- _ACTIVITY_: Repeat the listing below in full and exactly, but without its pictures.

- _MATERIAL PROVIDED_:
—————
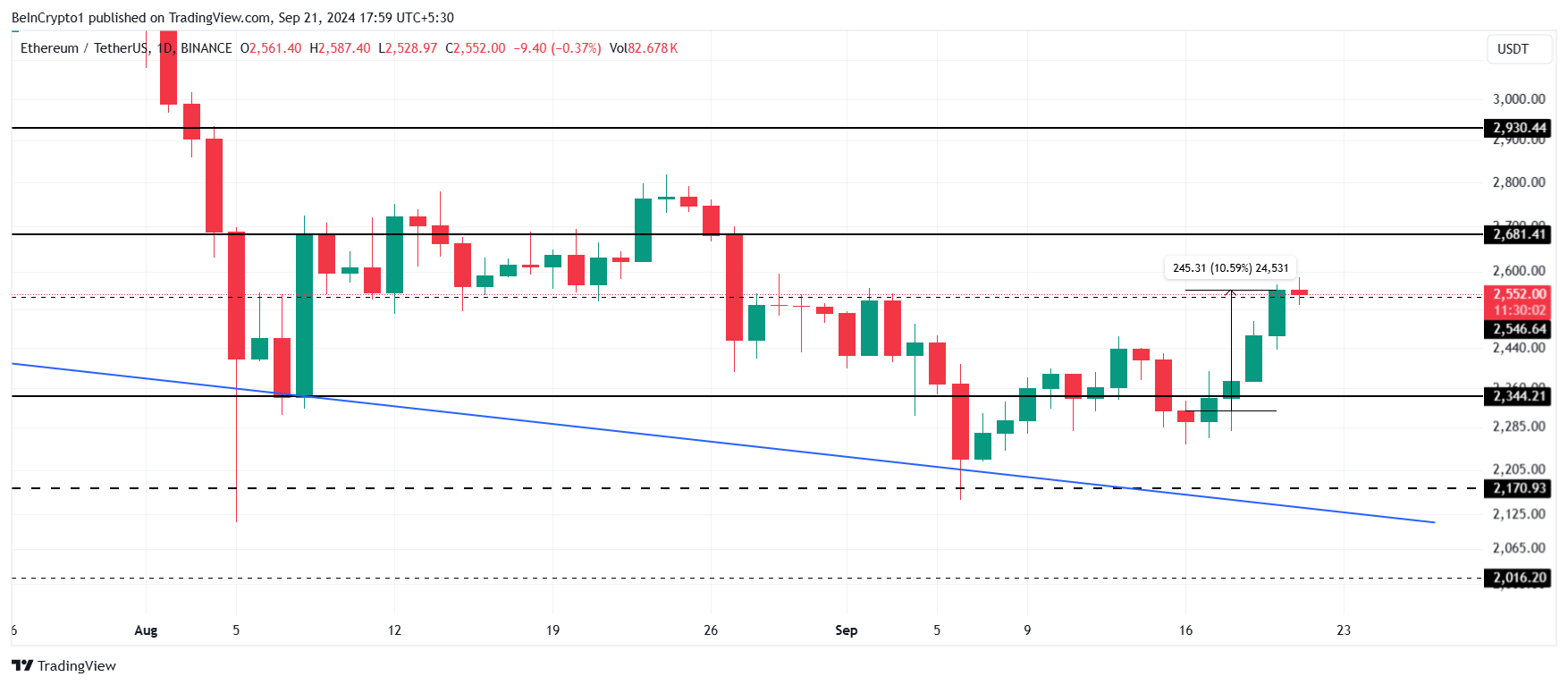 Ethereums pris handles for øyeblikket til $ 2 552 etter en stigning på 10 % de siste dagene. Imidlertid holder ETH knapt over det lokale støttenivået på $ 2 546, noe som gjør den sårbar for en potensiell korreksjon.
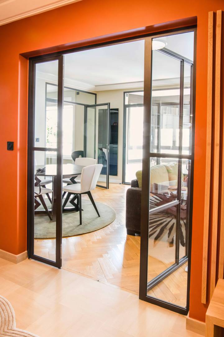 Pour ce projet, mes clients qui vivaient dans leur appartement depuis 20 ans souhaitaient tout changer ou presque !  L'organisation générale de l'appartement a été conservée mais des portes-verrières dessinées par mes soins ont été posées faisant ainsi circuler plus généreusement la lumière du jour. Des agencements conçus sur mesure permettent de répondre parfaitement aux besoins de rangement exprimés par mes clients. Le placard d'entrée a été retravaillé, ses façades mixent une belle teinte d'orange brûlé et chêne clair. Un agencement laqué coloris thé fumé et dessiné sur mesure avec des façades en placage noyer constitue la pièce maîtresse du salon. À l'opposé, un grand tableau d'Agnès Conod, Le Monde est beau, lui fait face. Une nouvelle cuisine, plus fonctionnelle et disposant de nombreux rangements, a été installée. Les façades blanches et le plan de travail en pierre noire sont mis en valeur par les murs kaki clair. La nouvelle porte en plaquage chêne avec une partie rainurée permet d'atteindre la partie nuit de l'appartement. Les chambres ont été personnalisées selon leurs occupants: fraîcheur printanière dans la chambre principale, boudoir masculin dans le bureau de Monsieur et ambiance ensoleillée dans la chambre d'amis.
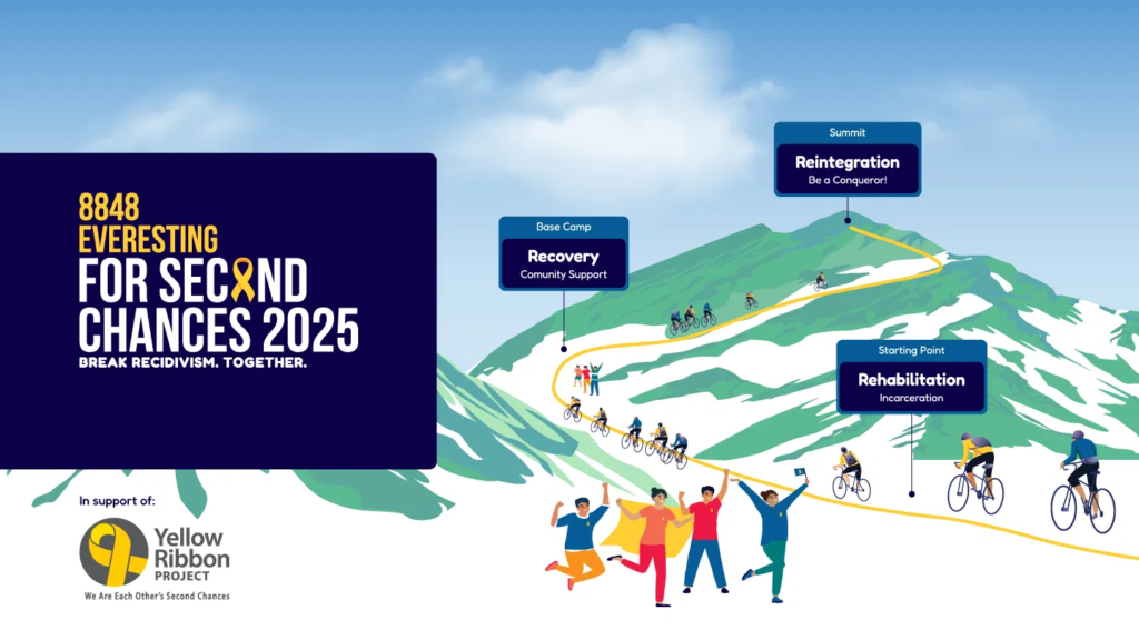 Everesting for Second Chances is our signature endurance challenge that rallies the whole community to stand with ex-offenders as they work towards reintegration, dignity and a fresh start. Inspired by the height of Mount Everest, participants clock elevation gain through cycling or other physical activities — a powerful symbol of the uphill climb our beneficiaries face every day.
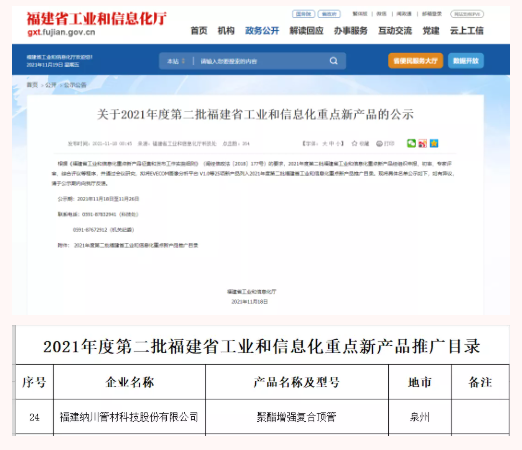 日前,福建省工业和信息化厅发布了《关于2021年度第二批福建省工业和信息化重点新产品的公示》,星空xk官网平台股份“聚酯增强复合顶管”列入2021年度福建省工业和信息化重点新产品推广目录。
—————
- _RESPONSE TO THIS TASK_:
 Ethereums pris handles for øyeblikket til $ 2 552 etter en stigning på 10 % de siste dagene. Imidlertid holder ETH knapt over det lokale støttenivået på $ 2 546, noe som gjør den sårbar for en potensiell korreksjon.
 Pour ce projet, mes clients qui vivaient dans leur appartement depuis 20 ans souhaitaient tout changer ou presque !  L'organisation générale de l'appartement a été conservée mais des portes-verrières dessinées par mes soins ont été posées faisant ainsi circuler plus généreusement la lumière du jour. Des agencements conçus sur mesure permettent de répondre parfaitement aux besoins de rangement exprimés par mes clients. Le placard d'entrée a été retravaillé, ses façades mixent une belle teinte d'orange brûlé et chêne clair. Un agencement laqué coloris thé fumé et dessiné sur mesure avec des façades en placage noyer constitue la pièce maîtresse du salon. À l'opposé, un grand tableau d'Agnès Conod, Le Monde est beau, lui fait face. Une nouvelle cuisine, plus fonctionnelle et disposant de nombreux rangements, a été installée. Les façades blanches et le plan de travail en pierre noire sont mis en valeur par les murs kaki clair. La nouvelle porte en plaquage chêne avec une partie rainurée permet d'atteindre la partie nuit de l'appartement. Les chambres ont été personnalisées selon leurs occupants: fraîcheur printanière dans la chambre principale, boudoir masculin dans le bureau de Monsieur et ambiance ensoleillée dans la chambre d'amis.
 Everesting for Second Chances is our signature endurance challenge that rallies the whole community to stand with ex-offenders as they work towards reintegration, dignity and a fresh start. Inspired by the height of Mount Everest, participants clock elevation gain through cycling or other physical activities — a powerful symbol of the uphill climb our beneficiaries face every day.
 日前,福建省工业和信息化厅发布了《关于2021年度第二批福建省工业和信息化重点新产品的公示》,星空xk官网平台股份“聚酯增强复合顶管”列入2021年度福建省工业和信息化重点新产品推广目录。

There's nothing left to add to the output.